Just as significant, however, is Merz’s second foreign visit, which is set to be with Polish Prime Minister Donald Tusk — a meeting that underscores just how much the bloc has changed.

There’s good reason to believe that the Franco-German “motor” within the EU will jolt back to life in the Macron-Merz era. The two men agree on many things, from the need to create a “sovereign” Europe to the existential obligation to prevent Russia from winning the Ukraine war.

Moreover, Merz has made it clear that, faced with U.S. President Donald Trump’s “America First” unilateralism, Germany’s delicate post-war pas de deux with the EU and the U.S. must end, and he has called for “independence” from Washington.

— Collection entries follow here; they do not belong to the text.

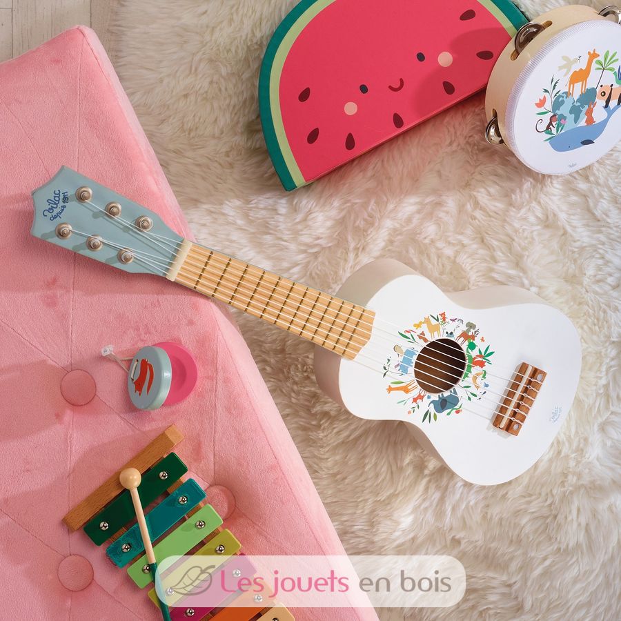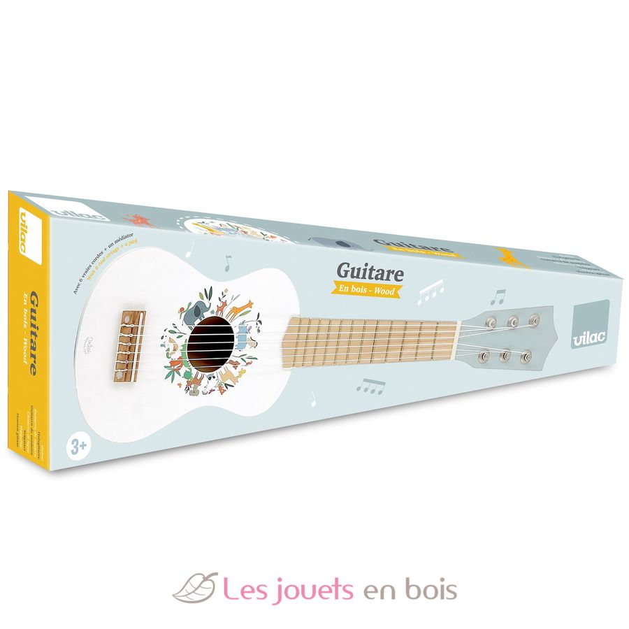 Guitare animaux du monde Sarah Betz, une guitare en bois pour enfant de la marque Vilac. Référence 7109.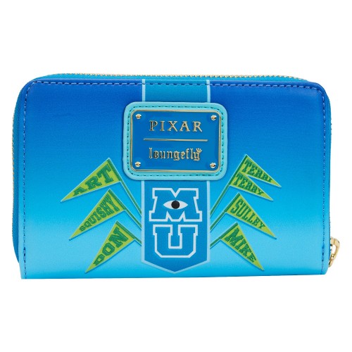 The Loungefly Monster’s University Scare Games Zip Around Wallet is made of vegan leather (polyurethane). Wallet zips closed with sturdy metal hardware. Additional features include applique, debossed, and printed details. Take note of the coordinating inside lining.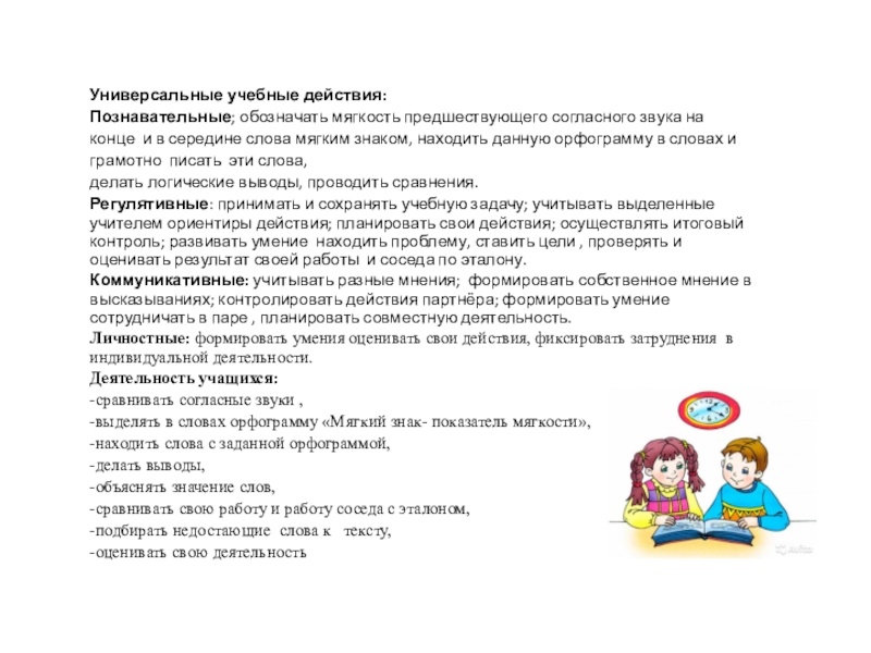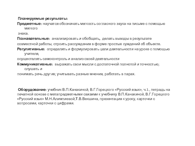 Предметные: научатся обозначать мягкость согласного звука на письме с помощью мягкого

All this implies an even closer relationship between Berlin and Brussels — and, therefore, Paris. All the same, it would be wrong to believe the Macron-Merz partnership can become as powerful and pivotal as the Franco-German partnerships of the past, whether in the Giscard-Schmidt era of the 1970s, or the Mitterrand-Kohl double-act of the 1980s.

The EU has become larger and more complex. And Merz’s Warsaw visit recognizes the bloc’s multipolarity — a fact, however belatedly, also accepted by France.

According to his most senior advisers, one of Merz’s foreign policy aims is to strengthen the so-called triangular “Weimar” relationship between Berlin, Paris and Warsaw — perhaps through the negotiation of a new treaty.